The magic of Monument Valley, my wife’s encouragement, and the Nikes converged, empowering me to slowly but steadily place one foot in front of the other. Again. And again. Foreign tourists taking selfies with the famous backdrop turned their cameras and their attention toward me. “Run, Forrest, Run”, they exclaimed in more dialects than you’d find outside a Lower East Side bodega.

It wasn’t fast, and it wasn’t pretty. But it was exhilarating. I laughed so hard that I started crying. I was running again. I couldn’t have cared less about pace. Weeks earlier I laid in bed willing to trade the rest of my life for what I was doing at that very moment.

In a sense, I did trade my life for that moment. It was a rebirth. The phoenix. Old Jason had to die again to clear away growth of the new Jason. I don’t know, nor do I care, if I’ll ever be able to run as fast or as far as I used to. I just know I can run. My mileage and pace have increased. Pain levels have decreased.

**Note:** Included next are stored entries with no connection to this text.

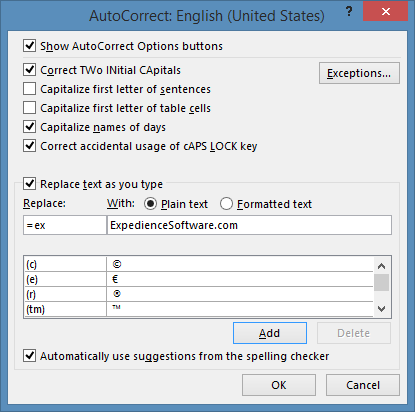 For instance the name of my company, –‘ExpedienceSoftware,’ is quite long making it tiresome every time I need to type it, which is fairly often.  I have added an AutoCorrect item to automate that task for me: To do this, select the desired replacement text:  and open the AutoCorrect dialog box: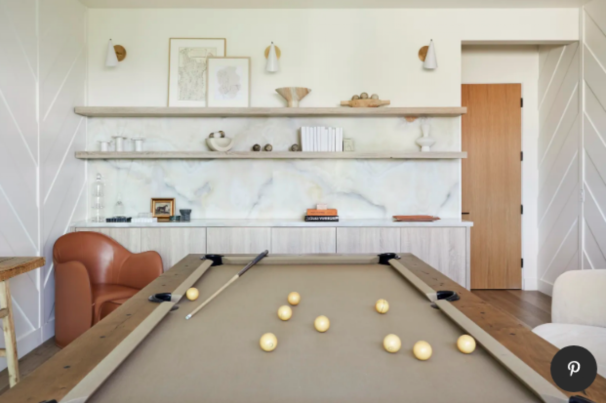 Phòng thư giãn với bàn bia được trang trí đẹp như một tác phảm nghệ thuật.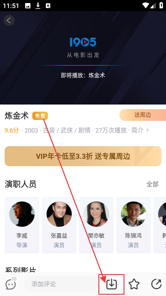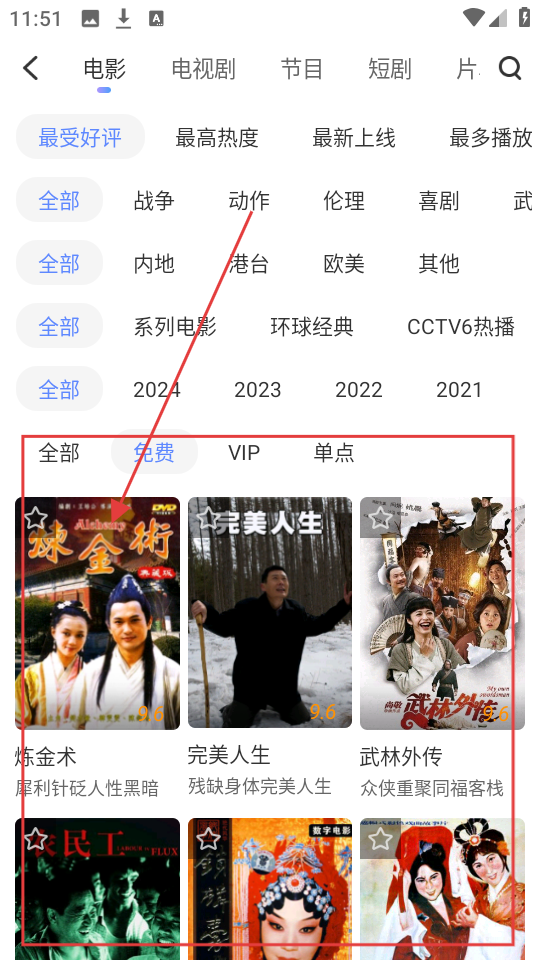 1、我们打开1905电影网APP,在电影分类下,选择免费类电影,比如《炼金术》,点击它就能进入影片详情页面啦。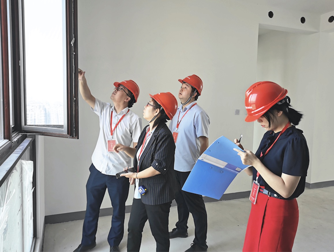 从公共区域装修到户内检验,各验房小组近乎于苛刻,检验标准超出“国家标准”。旭格窗户作为项目一大亮点,验房小组反复开合排查,从专业角度、感官体验上分别检验窗户毛条是否完好、把手是否灵活、开合有无异响、五金件是否平整光滑、纱窗关合是否顺畅无阻等,确保为业主带来更佳使用体感。为确保发现问题全部得到妥善整改,还特别增加复验环节,由销售分公司和工程管理部对各个问题进行复验并逐项核对、查看和封闭。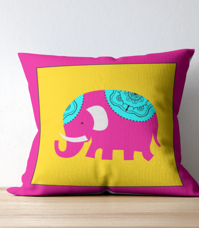 Majestic Elephant Print Cushion Cover – Premium Poly Canvas, Vibrant Digital Print, 16×16 Inch, Perfect for Home Decor
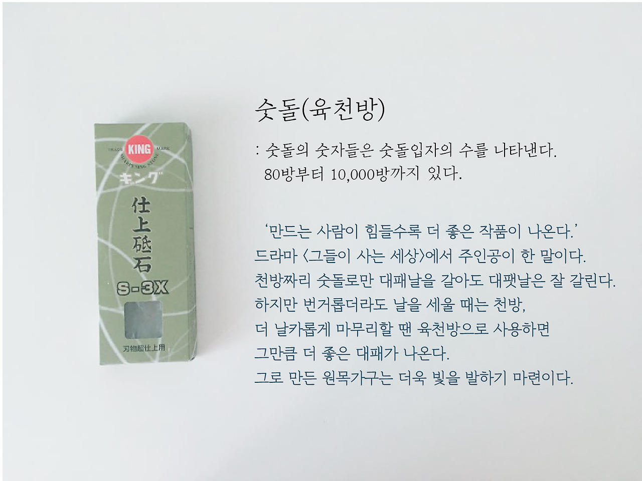 숫돌_천방: 물에 담근 후 대팻날이나 끌날을 갈 때 사용한다. 숫자가 클수록 부드럽다 천(1,000)방으로 날을 세우고 육천(6,000)방으로 마무리한다.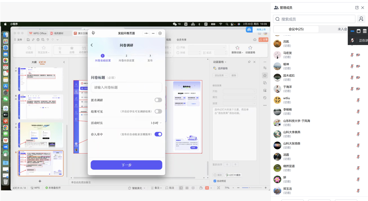 为提升教师信息技术应用水平和信息素养,进一步推动学院智慧金课建设,2月20日,副院长刘伟韬组织召开线上会议,对学院智慧金课建设、智慧课堂教学进行全面指导。智慧树工作人员、学院智慧课程负责人及团队成员参会。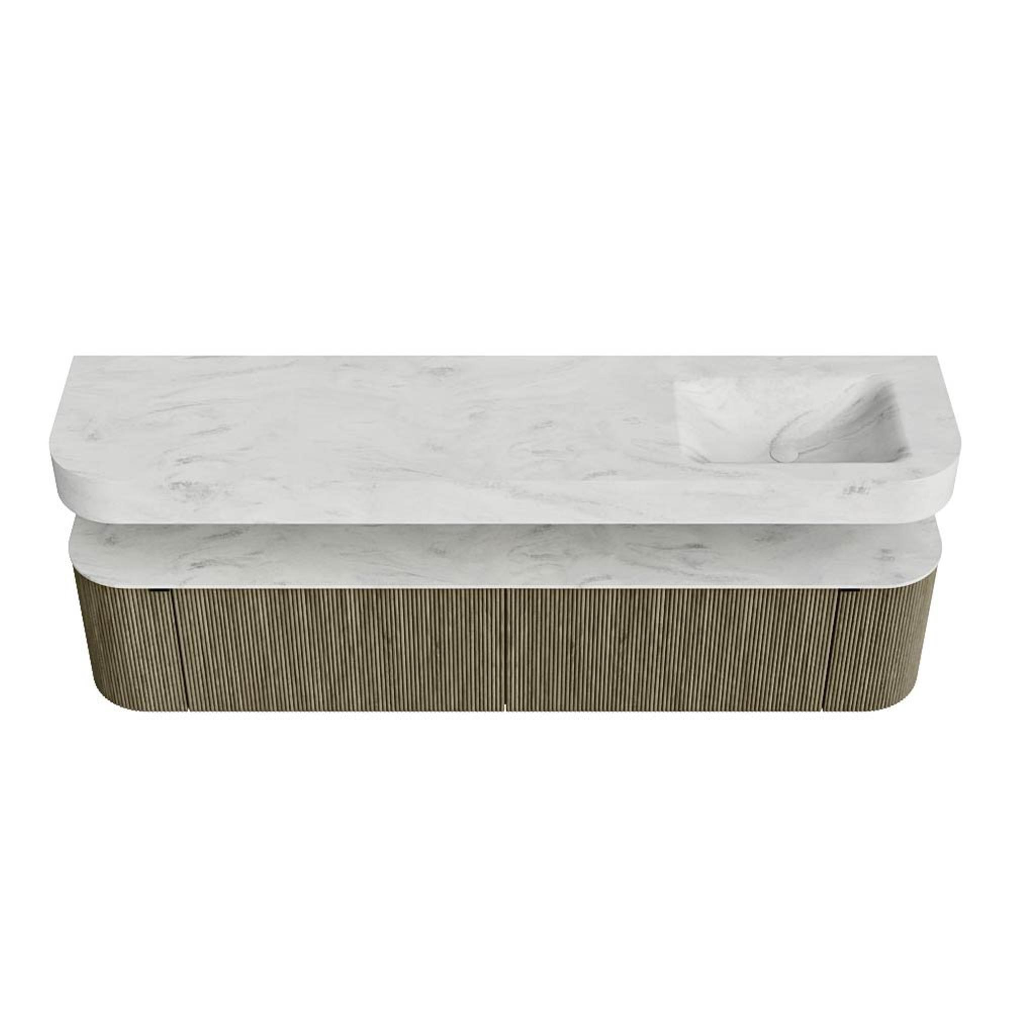 Boven het meubel zweeft een bijpassende, vrij hangende wastafel met afgeronde hoeken – perfect afgestemd op de vorm van de kast. De wastafel is uitgevoerd in Solid Surface en volgt subtiel de lijnen van het onderliggende meubel, waardoor een harmonieus geheel ontstaat. Het Solid Surface topblad vormt een sterke, onderhoudsvriendelijke basis en maakt de combinatie compleet.

I’ve developed a new mantra. While it arose on my runs, I try to apply the sentiment to all facets of life. “Thank you for this opportunity to feel the warm sun kissing my bare skin, to feel the slight breeze created by my own locomotion. The sounds, the scents, the sights. Nature. The passing cars. Thank you for this moment. This is perfect.”

The sense of gratitude I now feel is as monumental as the valley I trekked through that day. When it’s 112 degrees and I’m thinking of cutting a run short, I ask myself, “If this was the last run of my life, would I stop or would I choose to keep going?” Every time, the answer is the same, and I keep on keepin’ on. The only pain I feel is when I’m smiling so big my face hurts.